UNREP alongside is the standard for many Navy's (most NATO forces), however astern replenishment is the standard for others. Astern replenishment was the only way for the Russian Navy until just a short while ago, and today they still both alongside and astern techniques, depending on the ship.

So astern is her "normal", as it is for many other Russian vessels.

T!

Reactions: Informative Informative:
1 | Like List reactions


----------



## Glider (Jan 3, 2017)

I don't deny what your saying, the observation was based on the fact, that the can I say normal Russian approach is obsolete. It highlights that in many ways the Russian navy has a lot of lessons to learn before it can be truly be considered a global navy.

Reactions: Agree Agree:
1 | Like List reactions


----------



## parsifal (Jan 4, 2017)

I served aboard ships in the 70's and 80's that on occasion bumped uglies with what were then Soviet ships (VMF). It was approximately 1979 or 1980. We were aboard the HMAS Melbourne, a ship with a bad reputation of cutting her escorts in half. During flying operations, the Russians made repeated passes right under the bows of the carrier, passing within inches of the ship sometimes. Our escorts made strong efforts to keep these annoying little t*rds away from the carrier whose ability to manouver was restricted during flight ops but the Russians were very good at piloting their ships. I have on occasion exercised with Pommie, and USN ships as well as the navies of nearly every other pacific rim navy. The VMF manned ships by a clear margin are the best sailors out of all of them by miles. This mostly arises from a man joining a ship and then spending almost his entire naval career aboard that one ship. The crew learn how to get the most out of that ship, whereas we tend to shift our personnel around to gain a wider experience.

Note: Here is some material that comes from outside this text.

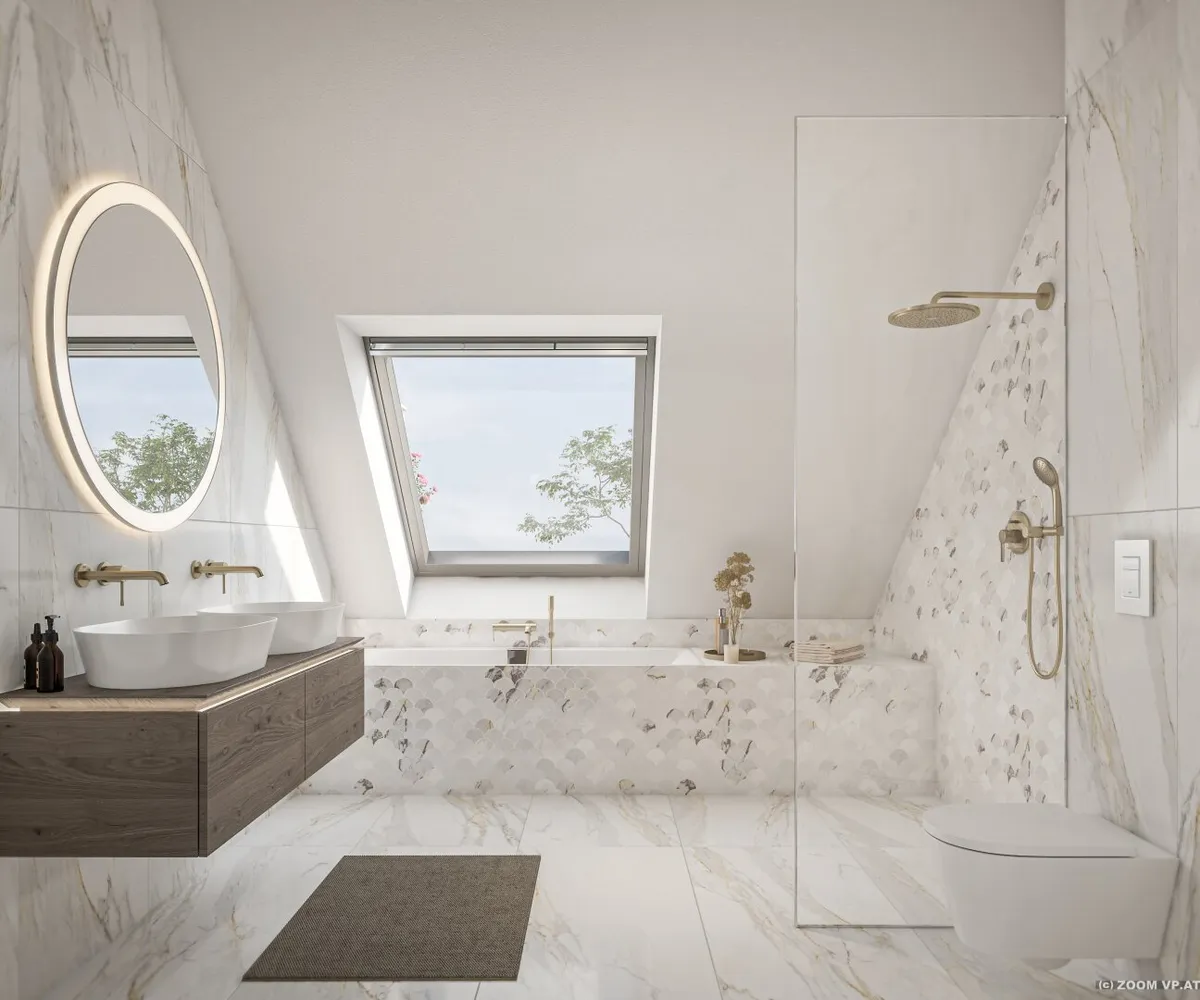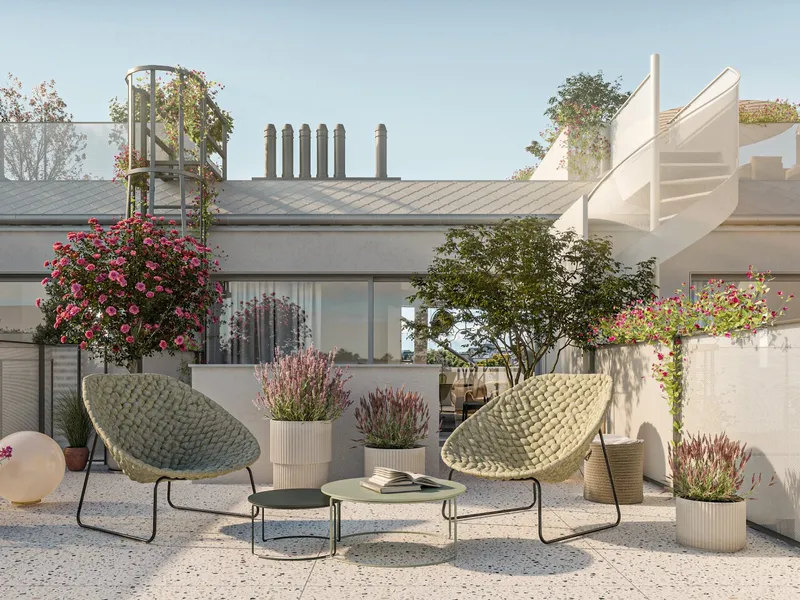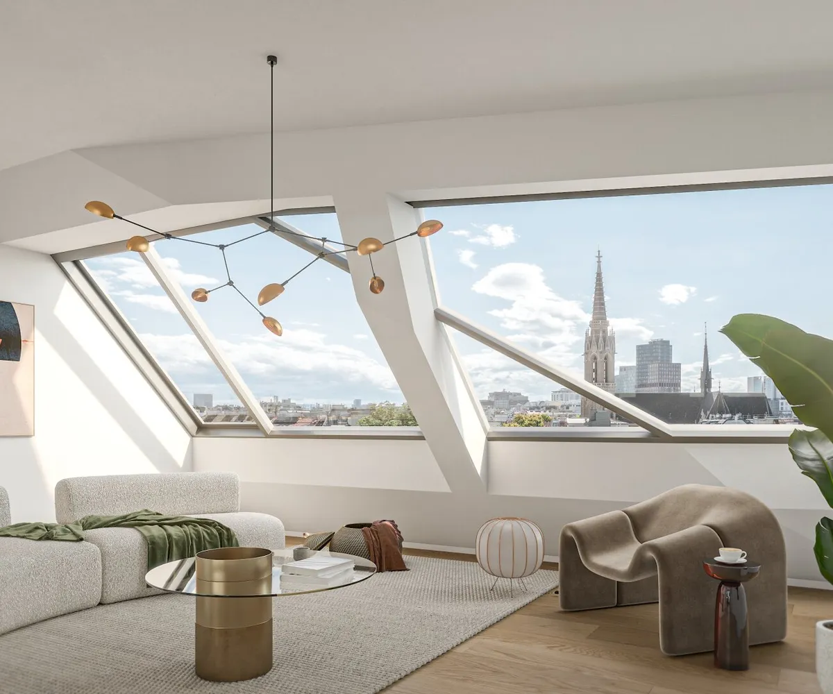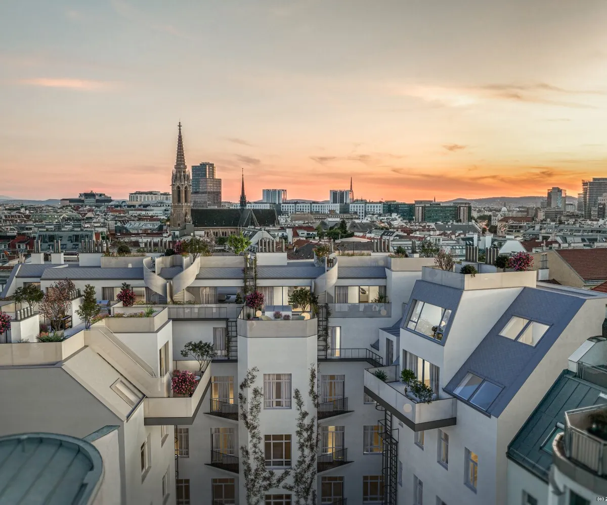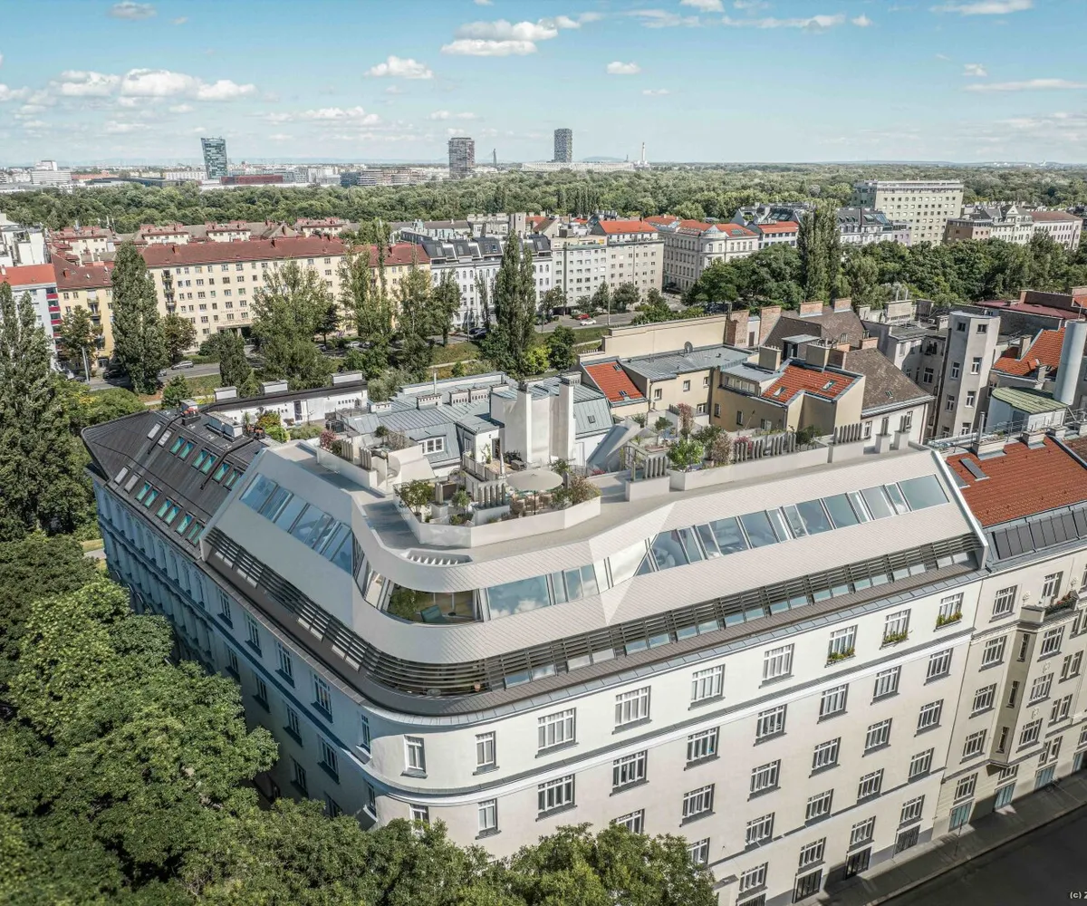 Im neu ausgebauten Dachgeschoss eines sorgfältig revitalisierten Altbaus entstehen 9 exklusive Wohnungen mit 2 bis 5 Zimmern. Jede Wohnung verfügt über mindestens eine private Freifläche, ob Loggia, Balkon oder Terrasse.

Reactions: Informative Informative:
1 | Like List reactions


----------



## Glider (Jan 28, 2017)

One final entry on this the Admiral Kuznetsov also lost an Su33 which rolled off the back of her due to a failure on the arrestor gear, the pilot ejected safely.

All in all as a projection of power it doesn't seem to have been a huge success, just a very expensive PR stunt

Reactions: Agree Agree:
2 | Like List reactions


----------



## soulezoo (Feb 1, 2017)

fubar57 said:


> That is one p!ssed off looking captain.



He should be happy he's not the captain of the Kursk.


----------



## GregP (Mar 3, 2017)

You're all wrong. It is smoke from the galley. The cooling oil they use is made from coal dust and STP! Simply bad dietary habits!

Seriously, that's a lot of smoke froma ship for a country that usually has smokless jet engines in their fighters.


----------